On Tue, Jul 13, 2010 at 8:09 AM, Fred Zappert <[EMAIL PROTECTED]> wrote:

> Ahmed,
>
> HBase versions all rows in a keyed entry, up to a limit that you specify
> and
> manage through some form of garbage collection.
>
> A keyed entry is a set of columns or column family.  So, it's not suitable
> for a distributed session cache, where there are other options available.
> Ryan's point was that in the course of a session, you would be creating
> lots
> of versions, i.e., the inflation.
>
> For a distributed and persistent cache, look at the Resin app server, which
> is in fact used for session management in a cluster.
>
> Fred
>
> On Tue, Jul 13, 2010 at 2:47 AM, S Ahmed <[EMAIL PROTECTED]> wrote:
>
> > >>This would cause extreme version inflation in HBase without
> > >>appropriate action to mitigate it.
> > Can you please expand on this?  What exactly can be done to mitigate
> this?
> >
> >
> > On Tue, Jul 13, 2010 at 12:48 AM, Ryan Rawson <[EMAIL PROTECTED]>
> wrote:
> >
> > > Hi,
> > >
> > > To answer your question in broader terms:
> > >
> > > 1. Sessions are tricky, they tend to have a 1:1 read/write model.

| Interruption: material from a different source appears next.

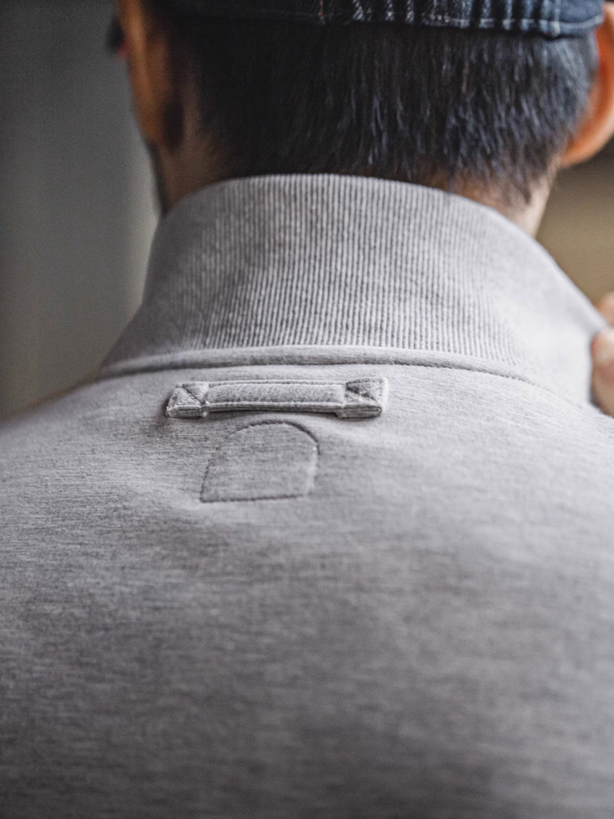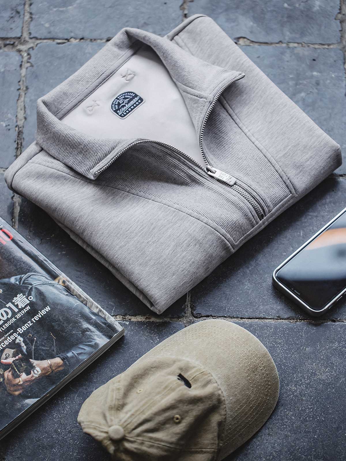 版型に関しては、適度なフィット感を採用し、自由な動きをサポートするとともに、様々な体型に適応します。ハーフジップのデザインは、着用の柔軟性を高め、季節に応じてアウターとしてもインナーとしても機能します。

> > > This would cause extreme version inflation in HBase without
> > > appropriate action to mitigate it.  Generally speaking though, I
> > > believe in HBase as a high performance low latency data store, so it
> > > should fit nicely any systems that require those things.
> > >
> > > 2. If you can achieve the right level of performance in data retrieval,
> > why
> > > not?
> > >
> > > 3. Very complex relational-based data might not be appropriate to
> > > store in HBase. For example, indexes in HBase are not free and require
> > > a bunch of things to make it happen.
> > >
> > > Infrequently written, but heavily read things might not make sense in
> > > HBase... ie: things you might use a CDN for.  Software downloads. Very
> > > large media.  You might be able to use HBase as the source for things
> > > that are cached in a layer like varnish or akamai.
> > >
> > > -ryan
> > >
> > > On Mon, Jul 12, 2010 at 9:36 PM, S Ahmed <[EMAIL PROTECTED]> wrote:
> > > > I realize that stumbleupon uses hbase for su.pr, and is currently
> > using
> > > > hbase for new functionality but isn't necessarily going back and
> > > re-coding
> > > > everything to fit into the hbase model.
> > > >
> > > > Having said that, do you guys think hbase could very well be used for
> > > things
> > > > like:
> > > >
> > > > 1. when a user logs in, keep the user session in hbase?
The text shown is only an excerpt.